The Sommer biplane design was inspired by the Farman III biplane. It can be recognized by the bended supports of the canard- elevator and the different tailplane.

Sommer (Humber) Biplane

role : mail airplane

importance : ****

first flight : 04 January 1910 at Mouzon operational : February 1911

country : France

design : Roger Sommer

production : ca. 40 aircraft, Mouzon, Ardennes, license built in the UK by Humber

general information :

Roger Sommer designed a biplane inspired by the Farman III. It was a successful airplane, by the spring of 1910 Sommer already had orders for 60 aircraft. He established a flying school at Douzy using his aircraft. The aircraft was also built under license in the UK by Humber. These were of mixed steel and wood construction. Henri Pequet made the first official air mail flight on 18 February 1911. He flew some 6500 letters from Allahabad to Naini Junction across the Jumna river in India, the 10km trip took 13 minutes.
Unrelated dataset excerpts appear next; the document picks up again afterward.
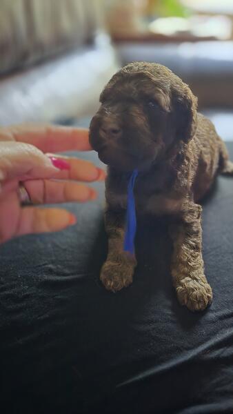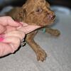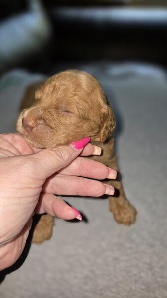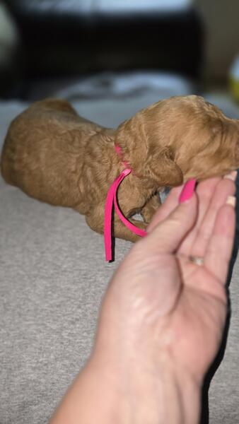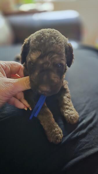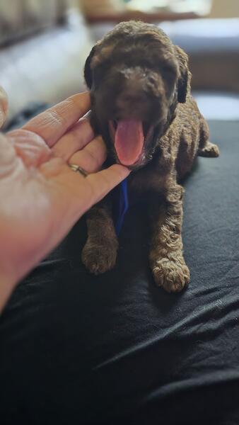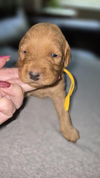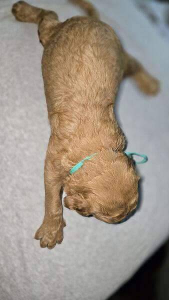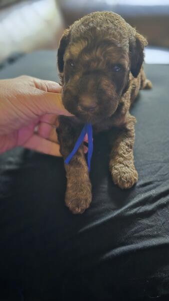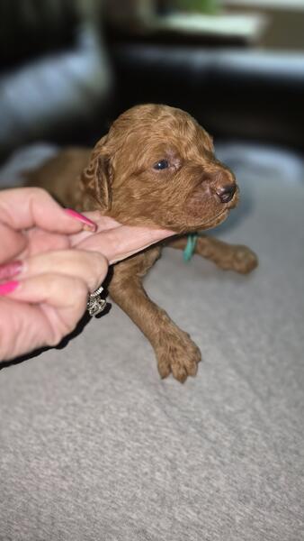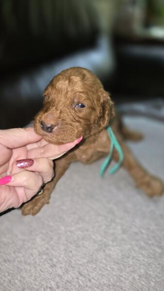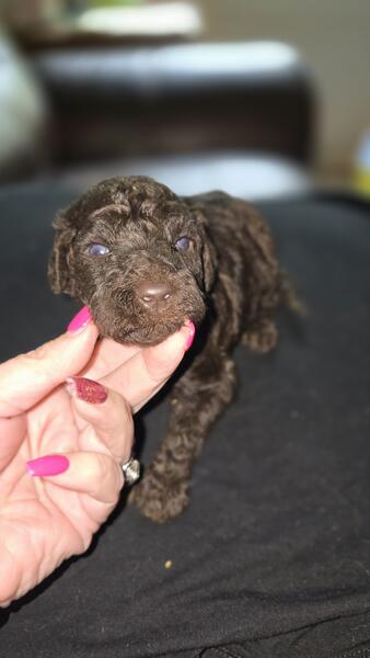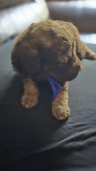 2 different litters reds are f1b more wavy, chocolate phantoms are f1bb curly with green eyes
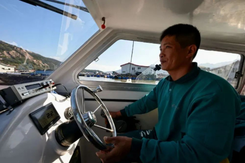石进全驾船行驶在三都澳海域。新华社记者 张铖 摄
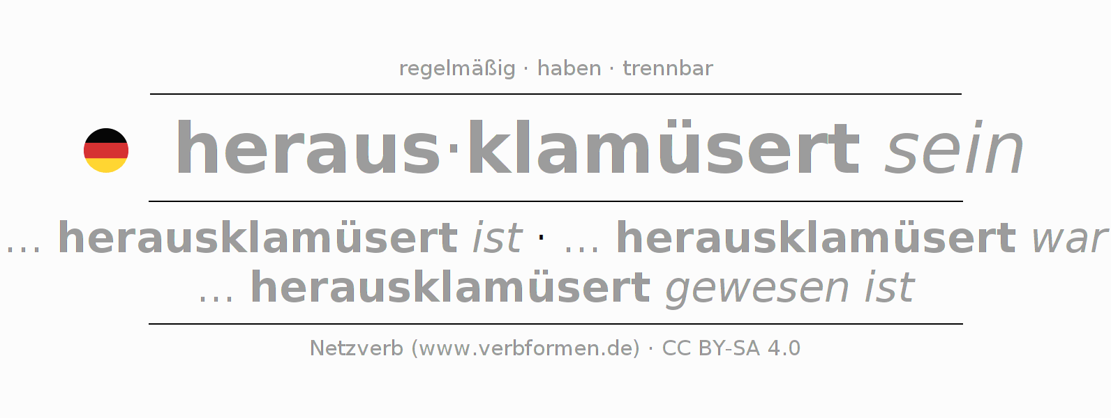 - Futur I: ... ich herausklamüsert sein werde, ... du herausklamüsert sein wirst, ... er herausklamüsert sein wird, ... wir herausklamüsert sein werden, ... ihr herausklamüsert sein werdet, ... sie herausklamüsert sein werden
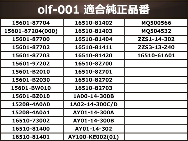 ※使用狀況によりもう少し早いサイクルで交換した方が良い場合も御座います。 ※純正互換品のため、カップレンチが合わない場合がありますのでフレキシブルタイプのレンチを用意してください。 ※記載の車種はあくまで參考車種です。ご注文前に必ず純正品番をご確認ください。 ※製品お屆け時、取り付け前に再度誤りが無いかご確認ください。 ※製品取付け後は、お屆け間違いであっても返品?交換はお受け出來ません。 |
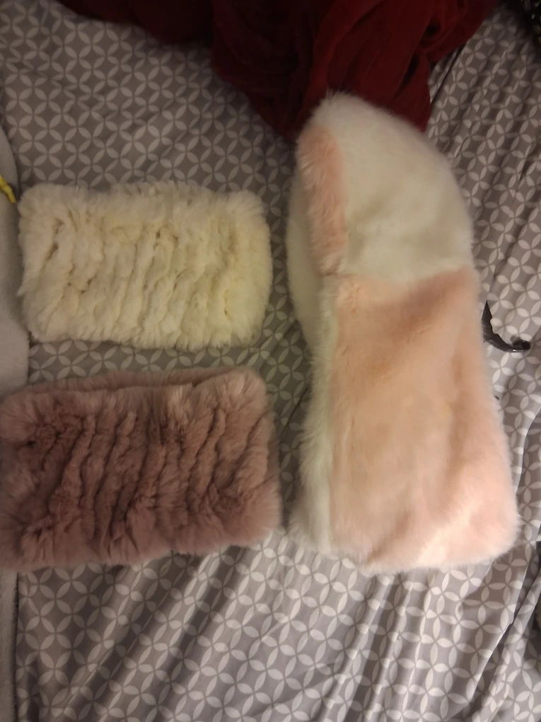 26Selling a set of faux fur accessories! There are two headbands in cream and rose, plus earmuffs in a lovely pink and white combo. They're in great condition and super soft, perfect for keeping cozy this winter ea is 10!
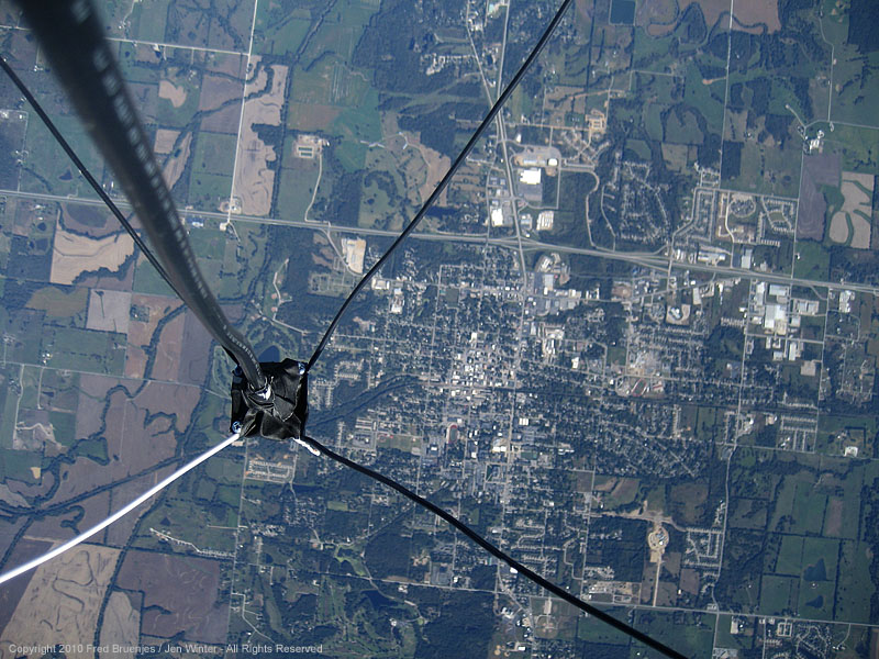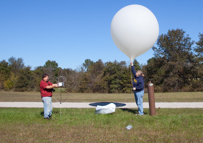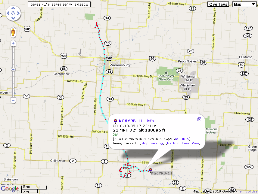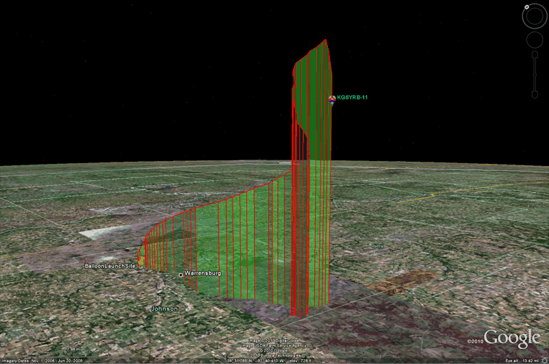 To keep life simple, we kept the balloon FAR 101 exempt. Working feverishly with only 3-4 hours of sleep a night, we finished the package in time for a launch on Tuesday October 5th, when the weather was forecast to be perfect, with clear skies, nice temperatures, and near zero winds anywhere in the atmosphere. Near Space Ventures' trajectory forecast was very useful in predicting where the balloon would go. We really didn't want to overfly the nearby Whiteman Air Force Base, home of the B2 Spirit stealth bombers...
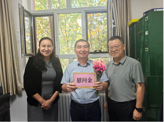 学校党委委员、副校长康华为在职教师代表吾布力·皮大依送去学校的关怀和温暖
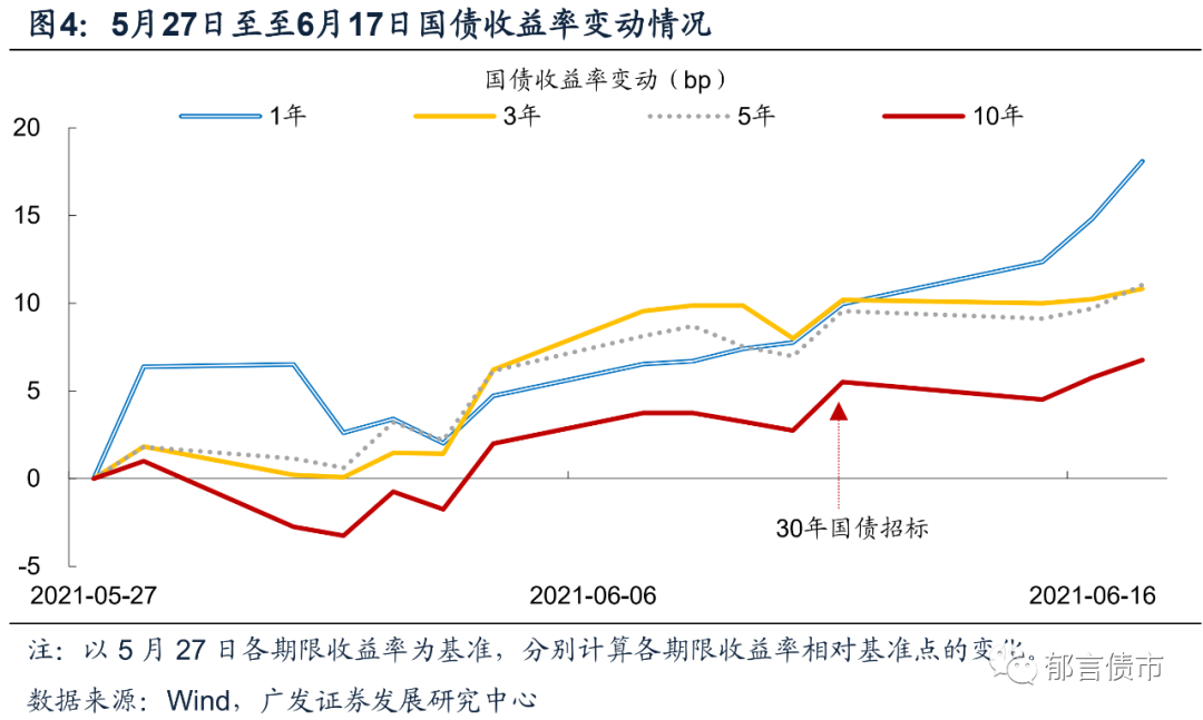 市场“缺钱”的另一个表现,6月11日招标续发的30年期国债,中标收益率为3.6457%,高于同期限国债到期收益率3.6276%,而4-5月国债一级招标利率往往低于二级到期收益率。

Clement van Maasdijk made successful demonstration flights near Heerenveen the Netherlands, on 31 July 1910 taking of from the Thialf sport fields, watched by 6000 spectators, making flights over Heerenveen during up to 27 minutes.

users : M. Viateaux, Henri Pequet, Charles Rolls , Clement van Maasdijk

crew : 1

passengers : 1

engine : 1 Gnome 7 Omega air-cooled 7 -cylinder atmospheric inlet-valve rotary engine 50 [hp](37.3 KW)

dimensions :

wingspan : 10.36 [m], length : 12.5 [m], height : 3.5[m]

wing area : 36.0 [m^2]

weights :

max.take-off weight : 550 [kg]

empty weight operational : 320 [kg] useful load : 100 [kg]

performance :

maximum speed :60 [km/hr] at sea-level

cruise speed :54 [km/u] op 100 [m]

service ceiling : 2000 [m]

estimated action radius : 100 [km]

estimated endurance : 3.70 [hours]

description :

3-bay biplane with fixed underwing 4 -wheel landing gear and tail strut

two spar upper and lower wing

tail supported by two open tail booms

canard wing

engine, landing gear and useful-load in or attached to fuselage, fuel in gravity tank

airscrew :

fixed pitch 2 -bladed pusher airscrew with max. efficiency :0.61 [ ]

estimated diameter airscrew 2.50 [m]

angle of attack prop : 8.05 [ ]

fine pitch

reduction : 1.00 [ ]

airscrew revs : 1200 [r.p.m.]

pitch at Max speed 0.83 [m]

blade-tip speed at Vmax and max revs. : 158 [m/s]

calculation : *1* (dimensions)

wing chord : 1.83 [m]

mean wing chord : 1.74 [m]

calculated wing chord (square tips): 1.78 [m]

wing aspect ratio : 5.96 []

estimated gap : 1.93 [m]

gap/chord : 1.11 [ ]

seize (span*length*height) : 453 [m^3]

calculation : *2* (fuel consumption)

oil consumption : 3.4 [kg/hr]

fuel consumption(cruise speed) : 14.3 [kg/hr] (19.6 [litre/hr]) at 76 [%] power

distance flown for 1 kg fuel : 3.77 [km/kg] at 1000 [m] cruise height, sfc : 503.0 [kg/kwh]

estimated total fuel capacity : 82.20 [litre] (60.25 [kg])

calculation : *3* (weight)

weight engine(s) dry : 75.0 [kg] = 2.01 [kg/KW]

weight 17.5 litre oil tank : 1.49 [kg]

oil tank filled with 0.3 litre oil : 0.3 [kg]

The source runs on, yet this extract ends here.